If the Tax Cuts and Jobs Act is passed and signed into law, it will most likely take effect in 2018. It would require a lot of itemized deductions to surpass these new thresholds.

When a Taxpayer Must Itemize Deductions

Sometimes the decision to itemize or to claim the standard deduction is out of your hands. Married couples who file separate tax returns must each use the same method. They must both take the standard deduction or they must both itemize, so if your spouse itemizes, you're stuck with doing so as well unless you can convince him to change his mind.

Non-resident aliens must itemize. They're not eligible to take the standard deduction.

What Expenses Can Be Itemized?

​The list of qualifying deductions is fairly extensive, and limitations apply to some of them. Generally, you can claim itemized deductions in the following categories, but some of these are subject to change as well under the pending legislation. And this list is by no means comprehensive.

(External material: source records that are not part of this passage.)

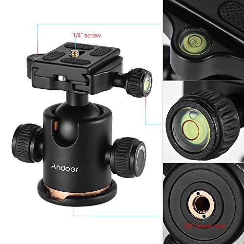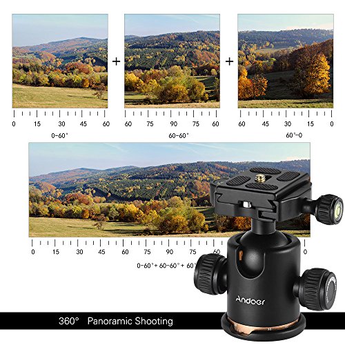 Andoer Camera Ball Head Tripod Head with Quick Release Plate Fits with Arca-type quick-release system Max Load 8kg for Canon 5D markII III Rebel T6 Nikon D etc
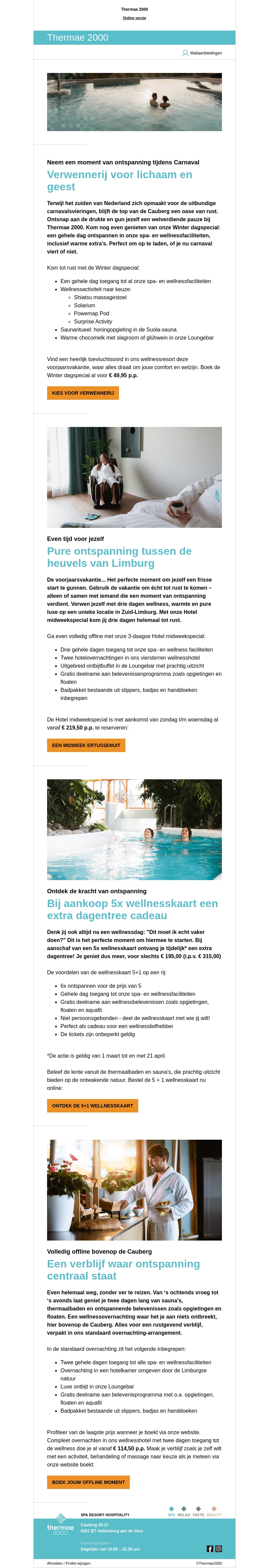Beleef pure ontspanning tijdens de voorjaarsvakantie bij Thermae 2000. Geniet van speciale wellnessdeals met verzachtende behandelingen en luxe faciliteiten. Ontvang een extra dagentree cadeau bij aankoop van een 5x wellnesskaart. Ervaar een verkwikkend verblijf en revitaliseer je lichaam en geest.
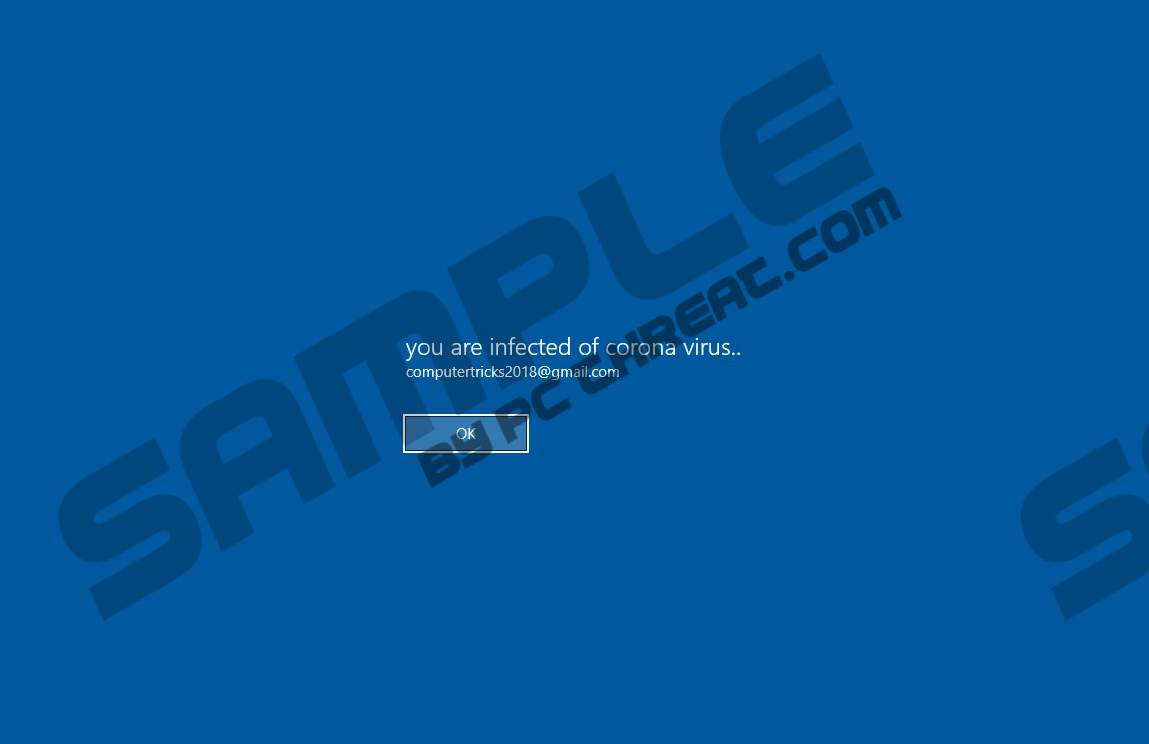ComputerDestroyer RansomwareComputerDestroyer Ransomware is a threat that shows warnings that say you have been infected with corona virus. These messages might also claim that the malicious application have encrypted all files on the infected device. In exchange for a decryption code that could restore all files, hackers ask to contact them and if you do, we believe they would ask to pay ransom. However, our researchers who tested a sample of this threat say that it does not encrypt any files. Thus, users who put up with the hackers’ demands might end up being scammed. Therefore, instead of doing what the warning says, we advise deleting ComputerDestroyer Ransomware. The process might not be easy, but we can guide you through it with the instructions displayed at the end of this article. Further in this text we explain how the malicious application works and other important details. The first thing users should know is how ComputerDestroyer Ransomware could be distributed. Our researchers say that such threats can enter a system if a user opens unreliable files obtained from the Internet or clicks on suspicious advertisements and links. For example, file carrying the malware could be encountered on unreliable file-sharing websites. Consequently, it is advisable to download files only from legitimate websites and stay away from sites that could be malicious. Moreover, the ComputerDestroyer Ransomware could be spread via email. For instance, the messages carrying it could claim that it is an important document and you must open it immediately. Also, malicious emails could urge you to click on links that could initiate the malicious application’s launcher’s downloading process. This is why, it is vital to make sure that emails you receive come from reliable sources and do not raise suspicion. Scaring you into opening a file or a link should without a doubt seem suspicious. If you are not entirely sure that your received or downloaded file is harmless, you should scan it with a reputable antimalware tool that could warn you about malicious data. The first thing ComputerDestroyer Ransomware should do after entering a system is log out its user and display a blue screen with a message saying: “you are infected of corona virus..” Below the message users should also see the malicious application’s creators email address and the OK button. Our researchers say that if you click the OK button, the threat should allow you to enter your password and log onto your device again. Unfortunately, soon after you do so, the malware should lock your screen by displaying a borderless black window and a pop-up window on top of it. The text on the threat’s pop-up window should say that all your files got encrypted by corona virus. Plus, the warning ought to say that you can restore them only with the hacker’s decryption code that can be obtained if you contact them via email. Since most of malicious applications like ComputerDestroyer Ransomware are created for money extortion, we suspect that users who contact the malware’s developers would be asked to pay ransom. In which case, users who trust the hackers would get scammed because, as said earlier, the malware does not encrypt any files, which means you do not need any decryption code to restore them. Of course, the hackers’ code might help you unlock your screen faster, but we do not think it is worth paying money to them. Our researchers say that users who want to unlock their screens should erase ComputerDestroyer Ransomware from their computers. It might sound like an impossible task if your screen is locked, but if you restart your system in Safe Mode with Networking, you should regain the control of your computer and be able to erase the malicious application. To eliminate ComputerDestroyer Ransomware we advise deleting all recently downloaded files that you believe could have infected your device with this screen locker. Afterward, we recommend scanning the system with a reliable antimalware tool to makes sure that the malware is truly gone. If you need more consistent instructions, you should follow the instructions available below. Restart your system in Safe Mode with NetworkingWindows 8/Windows 10

There are a few additional, less utilized itemized deductions.

​​​Medical and dental expenses include the cost of insurance premiums as long as your employer doesn't reimburse you for them, as well as certain qualifying medical and dental care costs. But you can only deduct the portion that exceeds 10 percent of your adjusted gross income as of 2017. 

This means that if your AGI is $55,000 and you had $7,500 in qualifying medical expenses, your deduction would be limited to $2,000: the amount that exceeds $5,500 or 10 percent of your AGI. The Senate's version of the Tax Cuts and Jobs Act would decrease this limit to 7.5 percent, but only for two years. 

Other Limitations on Itemized Deductions

Itemized deductions are also limited when a taxpayer's AGI exceeds certain limits based on his filing status. These limits are sometimes called Pease limitations because Representative Donald Pease first authored the legislation that provides for them back in 1990.

For 2017, Itemized Deductions Start to Phase Out When AGI Reaches
Filing StatusAdjusted Gross Income Threshold
Married filing jointly and qualifying widow(er)$313,800
Married filing separately$156,900
Head of household$287,650

The total amount of the itemized deductions you can claim is reduced if your AGI exceeds the limit for your filing status. The reduction is either 3 percent of the amount by which your AGI exceeds the threshold or 80 percent of your total itemized deductions, whichever is less. You don't have to include deductions claimed for medical expenses, investment interest, casualty or theft losses, or gambling losses when you're calculating 80 percent of the total—at least as of 2017. This may change somewhat with the new tax legislation as well. 

You can calculate the limitation on itemized deductions by using the "Itemized Deductions Worksheet – Line 29" found on page A-13 of the Instructions for Schedule A.

Tax laws change periodically and the above information may not reflect the most recent changes. Please consult with a tax professional for the most up-to-date advice. The information contained in this article is not intended as tax advice and it is not a substitute for tax advice.